• [WORK INSTRUCTIONS]:
Copy all records exactly, excluding images.
(DATA PROVIDED Opens)
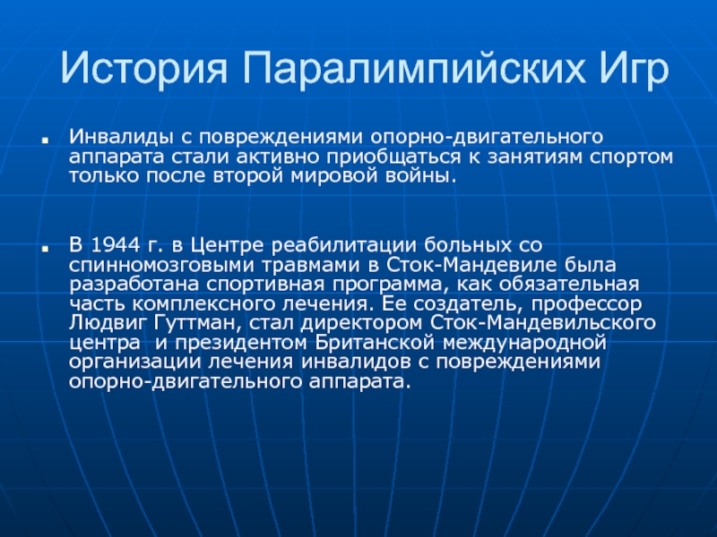 В 1944 г. в Центре реабилитации больных со спинномозговыми травмами в Сток-Мандевиле была разработана спортивная программа, как обязательная часть комплексного лечения. Ее создатель, профессор Людвиг Гуттман, стал директором Сток-Мандевильского центра и президентом Британской международной организации лечения инвалидов с повреждениями опорно-двигательного аппарата.
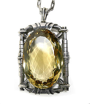 Prachtkette mit sehr großem Silberanhänger mit Citrin
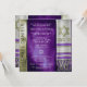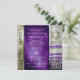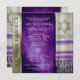 Passen Sie diese goldene und lila Bar Mitzvah-Einladung mit einem Gebetshawl in blau und Star of David an.
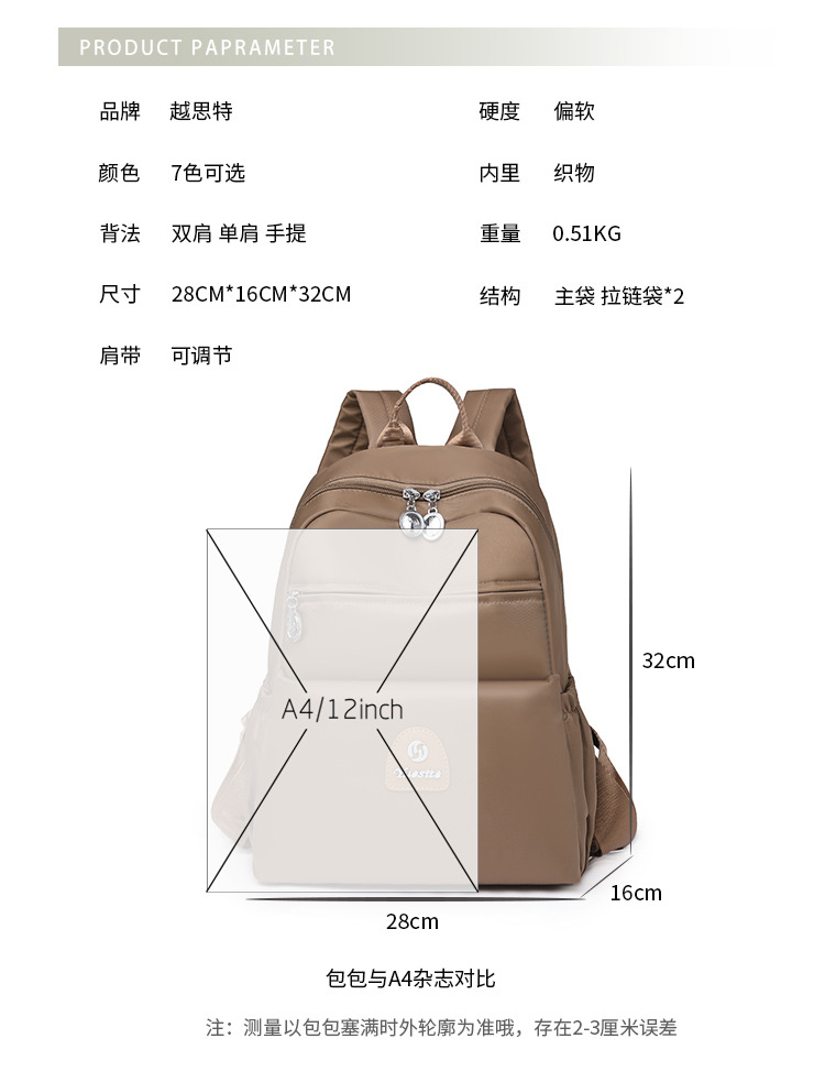 包包女2024新款尼龙布女士双肩户外休闲旅行跨境双背包
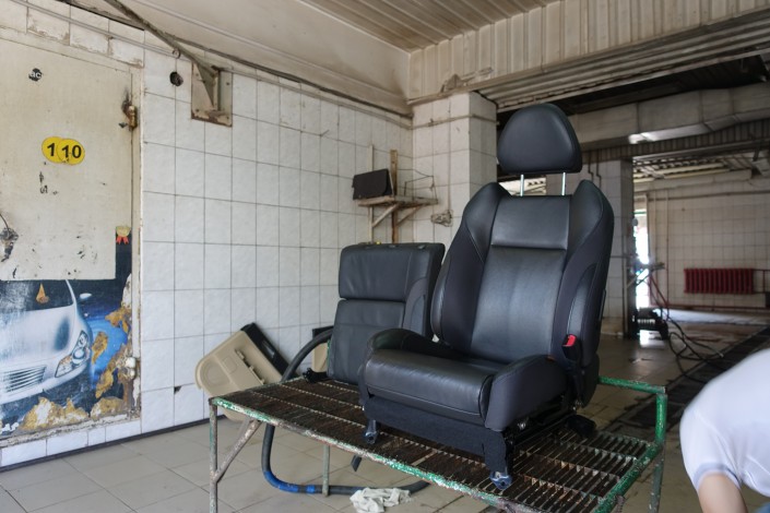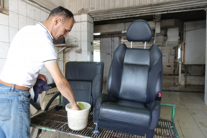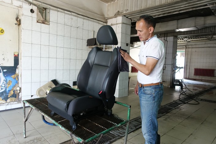 Исатай по прежнему работает на автомойке. Мы застали его за чисткой автомобильных кресел.
(DATA PROVIDED Closes)
• [SOLVED PROBLEM]:
 В 1944 г. в Центре реабилитации больных со спинномозговыми травмами в Сток-Мандевиле была разработана спортивная программа, как обязательная часть комплексного лечения. Ее создатель, профессор Людвиг Гуттман, стал директором Сток-Мандевильского центра и президентом Британской международной организации лечения инвалидов с повреждениями опорно-двигательного аппарата.
 Prachtkette mit sehr großem Silberanhänger mit Citrin
 Passen Sie diese goldene und lila Bar Mitzvah-Einladung mit einem Gebetshawl in blau und Star of David an.
 包包女2024新款尼龙布女士双肩户外休闲旅行跨境双背包
 Исатай по прежнему работает на автомойке. Мы застали его за чисткой автомобильных кресел.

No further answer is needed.